● **TASK REQUIREMENTS**:
Below are some records; output exactly the lines from the line with "If the inspection" to the line with "Niebiesko‑czarny kabel z", both ends kept, and nothing more.

● **THE DATA**:
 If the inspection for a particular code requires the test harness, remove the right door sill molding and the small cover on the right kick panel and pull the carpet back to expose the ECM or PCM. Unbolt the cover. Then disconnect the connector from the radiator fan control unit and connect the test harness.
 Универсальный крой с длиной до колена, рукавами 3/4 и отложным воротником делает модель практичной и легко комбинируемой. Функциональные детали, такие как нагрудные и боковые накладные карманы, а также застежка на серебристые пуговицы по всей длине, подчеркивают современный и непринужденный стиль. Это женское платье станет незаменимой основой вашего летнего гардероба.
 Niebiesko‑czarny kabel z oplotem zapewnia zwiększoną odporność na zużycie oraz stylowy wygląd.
==
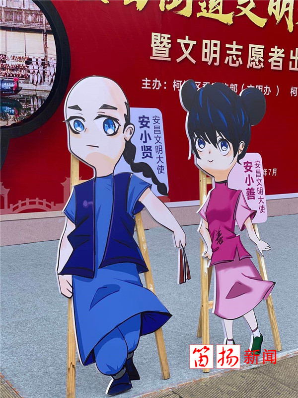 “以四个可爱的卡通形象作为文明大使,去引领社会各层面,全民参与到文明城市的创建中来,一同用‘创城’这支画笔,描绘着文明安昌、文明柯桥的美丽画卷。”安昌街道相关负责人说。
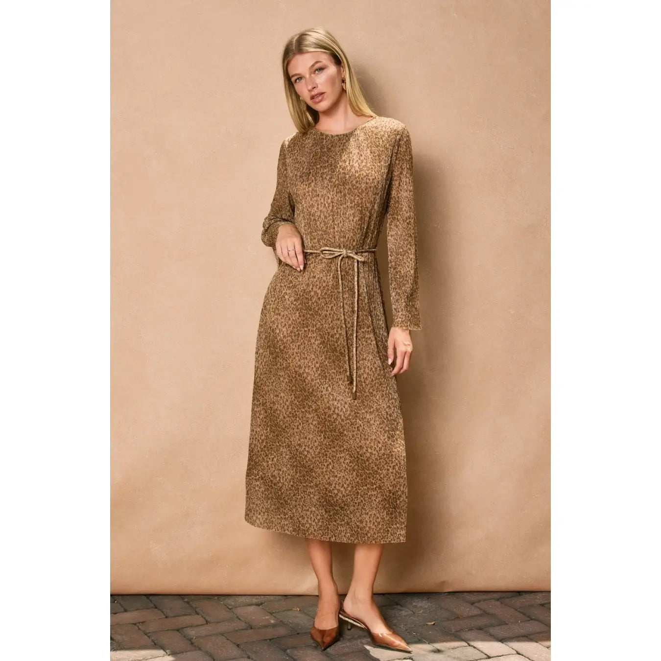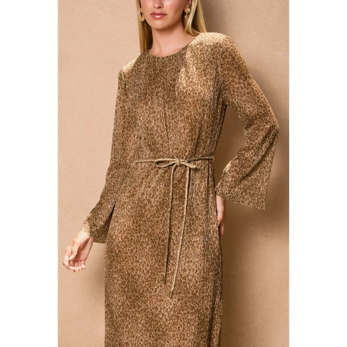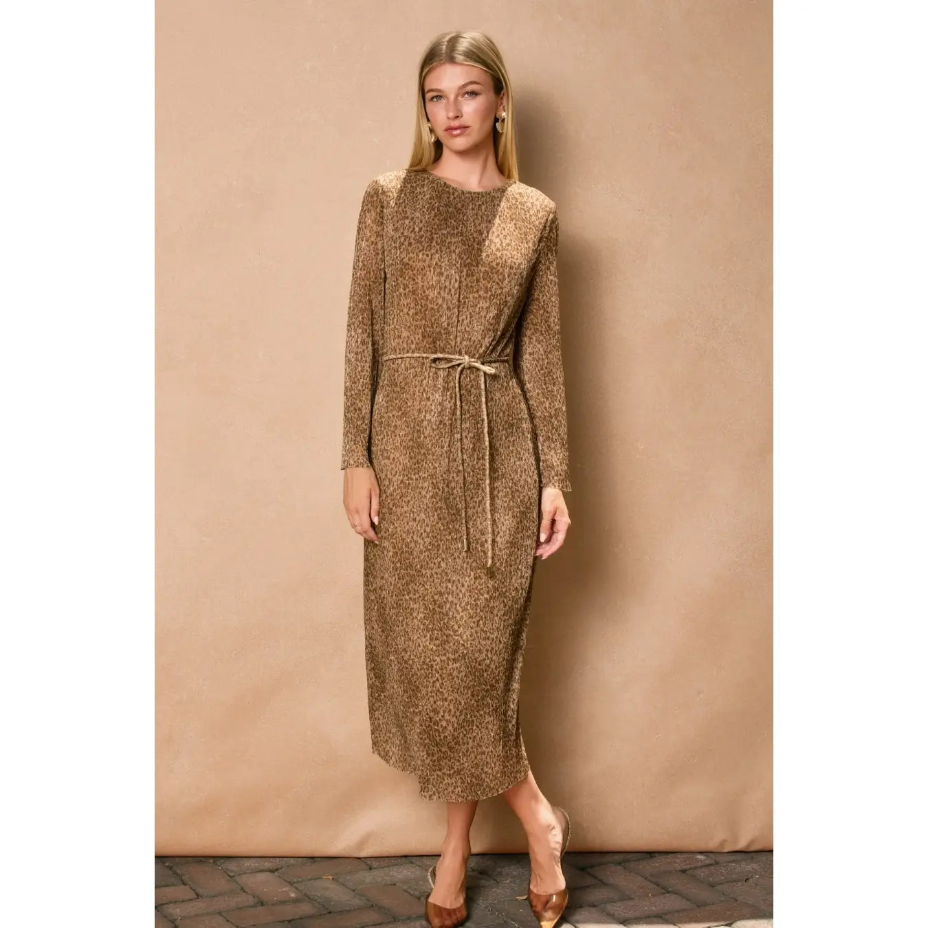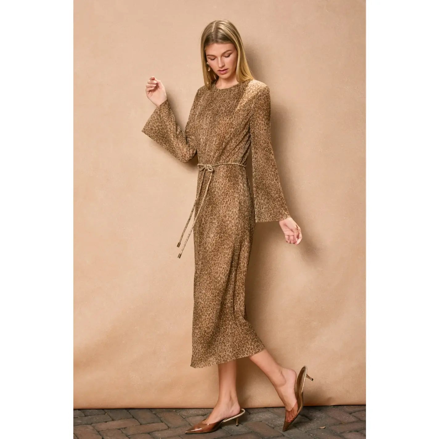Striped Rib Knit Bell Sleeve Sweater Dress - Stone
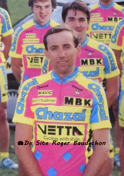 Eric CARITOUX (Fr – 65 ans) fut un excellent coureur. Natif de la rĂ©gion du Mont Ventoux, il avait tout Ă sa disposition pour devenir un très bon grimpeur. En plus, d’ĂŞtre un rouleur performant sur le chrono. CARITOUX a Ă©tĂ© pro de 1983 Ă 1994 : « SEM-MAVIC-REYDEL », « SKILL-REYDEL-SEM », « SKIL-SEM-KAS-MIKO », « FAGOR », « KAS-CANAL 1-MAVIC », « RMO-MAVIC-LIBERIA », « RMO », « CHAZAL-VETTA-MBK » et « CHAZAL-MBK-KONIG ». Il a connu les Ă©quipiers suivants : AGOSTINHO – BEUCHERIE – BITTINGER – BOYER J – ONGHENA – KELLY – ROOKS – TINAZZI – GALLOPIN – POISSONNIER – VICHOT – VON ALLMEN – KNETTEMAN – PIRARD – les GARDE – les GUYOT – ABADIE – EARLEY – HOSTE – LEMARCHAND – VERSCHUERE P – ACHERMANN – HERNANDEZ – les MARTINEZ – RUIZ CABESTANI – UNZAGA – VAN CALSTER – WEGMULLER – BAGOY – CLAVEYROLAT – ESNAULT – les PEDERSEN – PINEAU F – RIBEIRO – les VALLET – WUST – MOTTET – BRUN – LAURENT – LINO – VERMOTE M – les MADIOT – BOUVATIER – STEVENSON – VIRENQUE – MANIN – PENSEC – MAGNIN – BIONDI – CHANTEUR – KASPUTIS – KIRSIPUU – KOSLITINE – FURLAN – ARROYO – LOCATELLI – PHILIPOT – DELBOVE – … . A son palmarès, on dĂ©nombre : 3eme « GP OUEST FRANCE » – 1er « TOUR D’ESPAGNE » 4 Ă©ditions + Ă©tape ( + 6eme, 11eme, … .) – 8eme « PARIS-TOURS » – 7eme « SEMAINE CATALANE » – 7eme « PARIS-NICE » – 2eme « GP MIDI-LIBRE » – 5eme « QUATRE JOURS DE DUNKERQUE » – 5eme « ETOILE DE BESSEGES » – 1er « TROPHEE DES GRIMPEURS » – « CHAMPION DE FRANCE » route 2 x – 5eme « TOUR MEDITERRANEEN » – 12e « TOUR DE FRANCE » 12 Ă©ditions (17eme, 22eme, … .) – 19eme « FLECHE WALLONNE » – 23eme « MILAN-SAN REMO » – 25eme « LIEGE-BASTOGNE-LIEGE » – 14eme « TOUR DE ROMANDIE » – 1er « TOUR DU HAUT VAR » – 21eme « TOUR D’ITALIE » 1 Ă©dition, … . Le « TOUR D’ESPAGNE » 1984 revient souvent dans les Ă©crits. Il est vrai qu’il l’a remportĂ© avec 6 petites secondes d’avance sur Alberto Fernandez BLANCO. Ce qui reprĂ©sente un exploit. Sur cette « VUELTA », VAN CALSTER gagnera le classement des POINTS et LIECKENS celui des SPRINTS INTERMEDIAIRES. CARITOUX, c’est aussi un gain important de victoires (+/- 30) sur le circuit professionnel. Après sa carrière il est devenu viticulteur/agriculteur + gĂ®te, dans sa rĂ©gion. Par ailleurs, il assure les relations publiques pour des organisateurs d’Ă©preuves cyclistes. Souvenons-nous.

● **ANSWER TO THIS TASK**:
 If the inspection for a particular code requires the test harness, remove the right door sill molding and the small cover on the right kick panel and pull the carpet back to expose the ECM or PCM. Unbolt the cover. Then disconnect the connector from the radiator fan control unit and connect the test harness.
 Универсальный крой с длиной до колена, рукавами 3/4 и отложным воротником делает модель практичной и легко комбинируемой. Функциональные детали, такие как нагрудные и боковые накладные карманы, а также застежка на серебристые пуговицы по всей длине, подчеркивают современный и непринужденный стиль. Это женское платье станет незаменимой основой вашего летнего гардероба.
 Niebiesko‑czarny kabel z oplotem zapewnia zwiększoną odporność na zużycie oraz stylowy wygląd.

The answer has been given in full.